Review a PR before approving. A colleague asks you to review their pull request. Run /explain-changes for PR #42 to get explanations before you dig into the code manually. You'll enter the review already understanding the intent behind the changes.
Investigate a bug. Something broke in production. Run /explain-changes for the last 5 commits to understand what changed recently. The explanations help you narrow down which change likely introduced the issue.
Catch up on a project. You haven't touched this codebase in weeks. Run /explain-changes since v2.0.0 to understand everything that's changed since you last worked on it.
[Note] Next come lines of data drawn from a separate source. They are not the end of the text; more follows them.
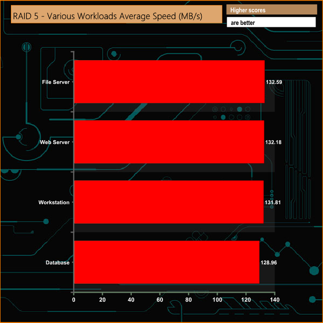 Somehow the benchmark results do not make a lot of sense to me ie looking at the throughput benchmarks most of them hover around 100 MB/sec despite the different RAID set-ups ie one would expect for example a noticeable difference between RAID-0 and RAID-5….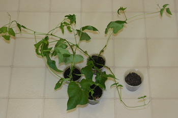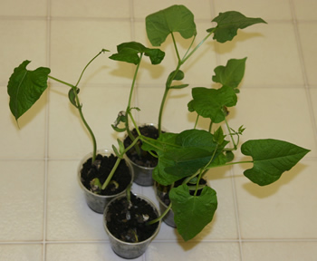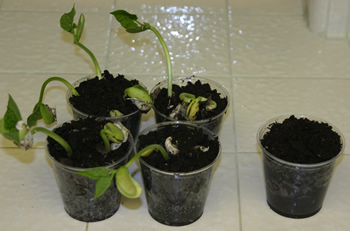 Begin with sprouted lima beans and moistened soil in 4 small cups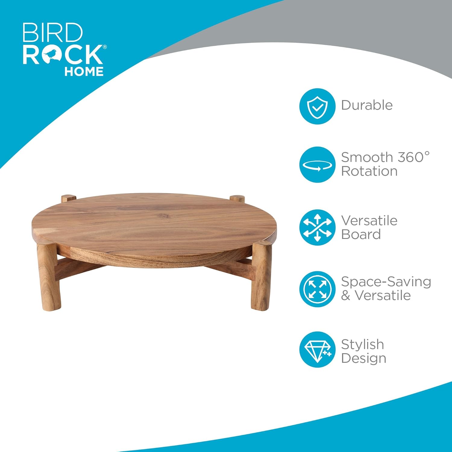 BIRDROCK HOME Elevated Lazy Susan | Rotating Acacia Wood Platter with Raised Legs | Ideal for Serving, Organizing, and Decor | Smooth 360° Rotation (Natural, Medium)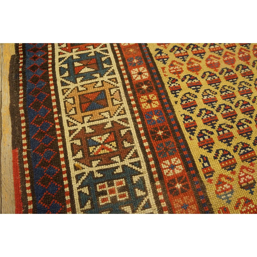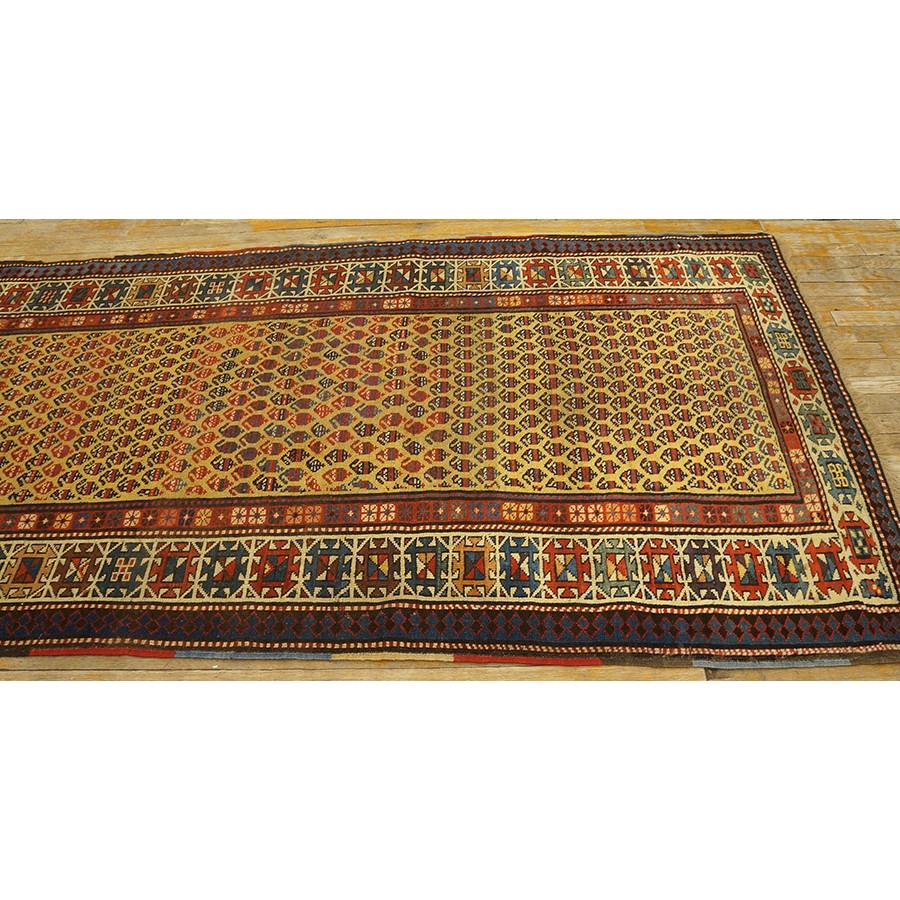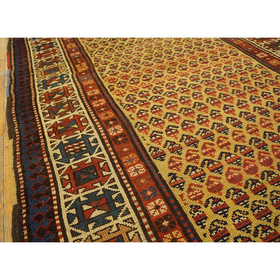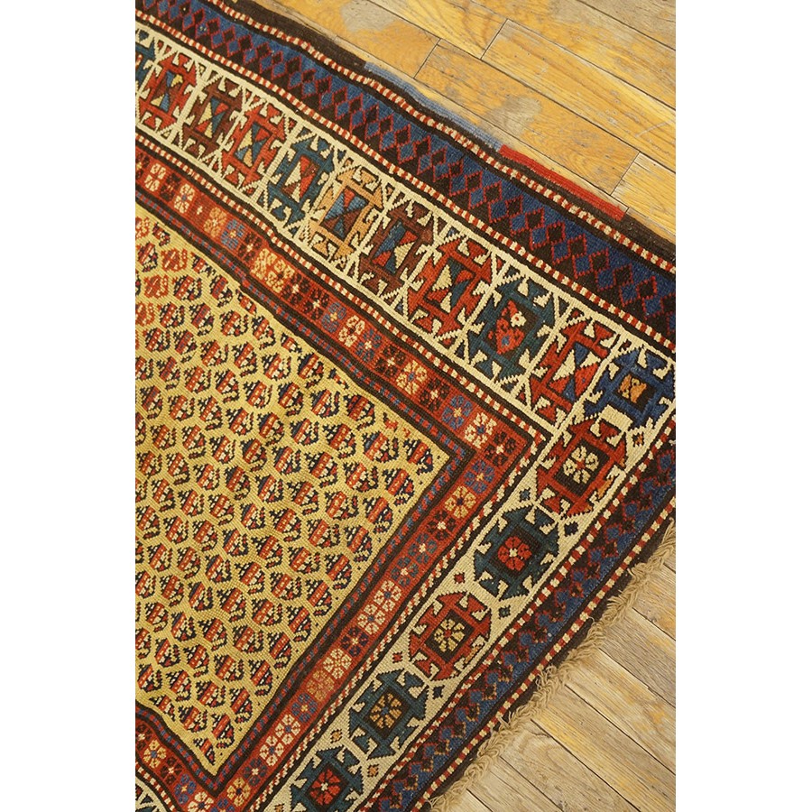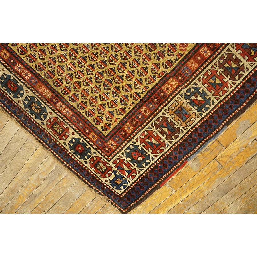 DescriptionCaucasianThis is the general heading for all rugs made in the Caucasus mountains and in the trans-Caucasus areas, north of the Arax River, and between the Black and Caspian Seas. This includes rugs from the Kazak, Karabagh, Gendje, Koghan, Talish, Akstafa, Shirvan, Baku, Kuba and hesghi districts and the variants and subtypes thereof. The rugs are usually in scatter sizes and of all wool construction, with bold colors and geometric patterns, from the 18th through 20th centuries. Prices range widely depending on rarity, color, design and condition. A strong collector market exists for the better examples. Caucasian - MoghanA relatively uncommon rug type woven in the Moghan steppe region just north of the Persian border in the eastern Caucasus. Usually of long rug format (4 x 8), the most common design is a double column of side-hooked, stepped crosses (memling guls), often on a light ground. Not every rug with this pattern is a Moghan and not every Moghan employs them. The weave is firm and neat, pile is short, color range (up to 12 tones) is exceptional. The pancity of good ones means that lesser pieces in the characteristic pattern one frequently passed off as something superior. | |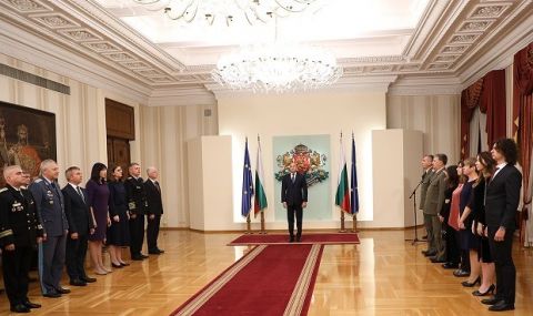 Държавният глава и върховен главнокомандващ на Въоръжените сили Румен Радев удостои български военнослужещи с висше офицерско звание на церемония в Гербовата зала на „Дондуков“ 2.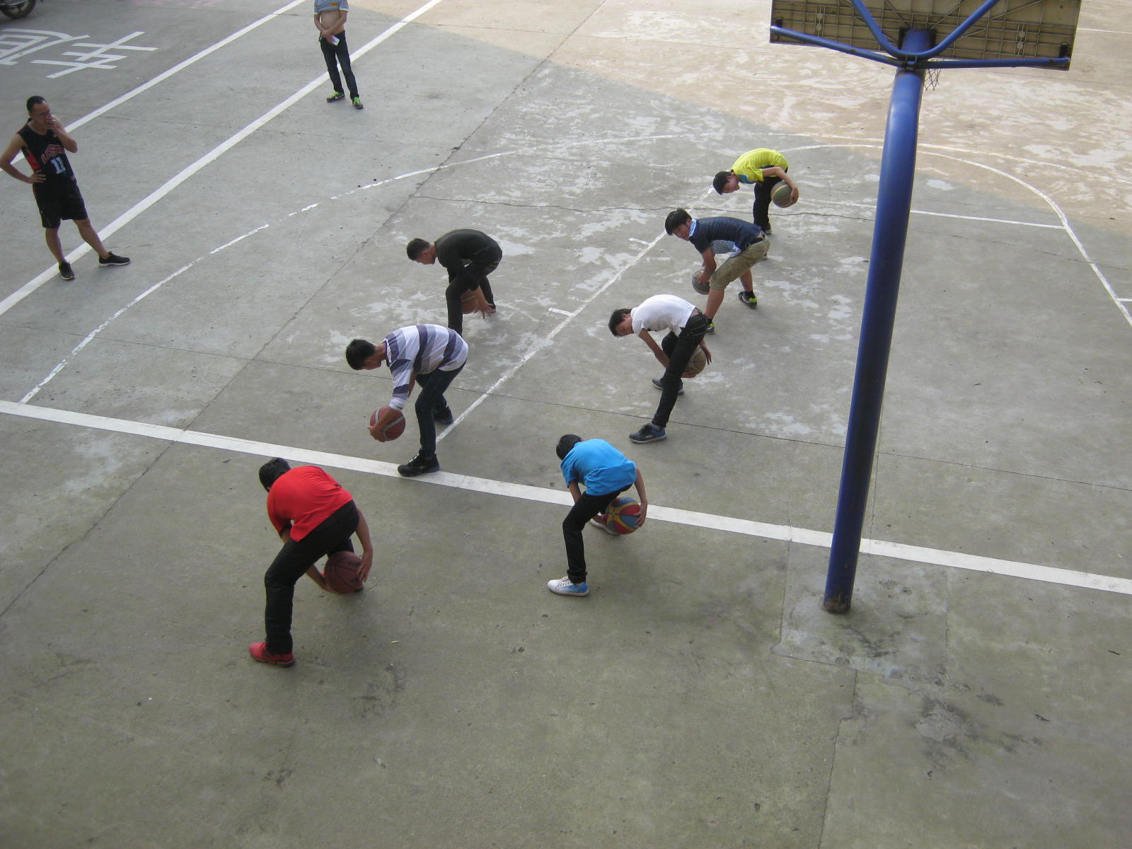 他要求我们每天下午课余时间,准时到操场上去练球,我们有十几个人,站成四五排,我站在最中间,去练球的第一天下午非常有趣,刘老师先教我们从练球开始,再是教我们如何进攻,如何防守这些基本功,刘老师教我们很投入,我们练得也很认真。

The slash command works independently of Cline's task workflow; it just needs a git repository. For PRs, you'll need the GitHub CLI installed. Full details are in the /explain-changes documentation.
When to use it
Explain Changes is most valuable when you're facing changes you didn't write yourself or can't immediately understand:
- Before committing Cline-generated changes. This is the primary use case. Make sure you understand what Cline did before you approve it.
- During code review. Use
/explain-changeson a PR to get explanations before you dig into the code manually. - When onboarding to unfamiliar code. If you're new to a codebase, explaining recent commits helps you understand how things work and why decisions were made.
- When something breaks. Explain the last few commits to understand what changed and narrow down the issue.
Getting started
Explain Changes requires Checkpoints to be enabled for the button-triggered workflow. The /explain-changes slash command works independently using git references.
Try it on your next Cline task, or use /explain-changes to understand any diff in your repository.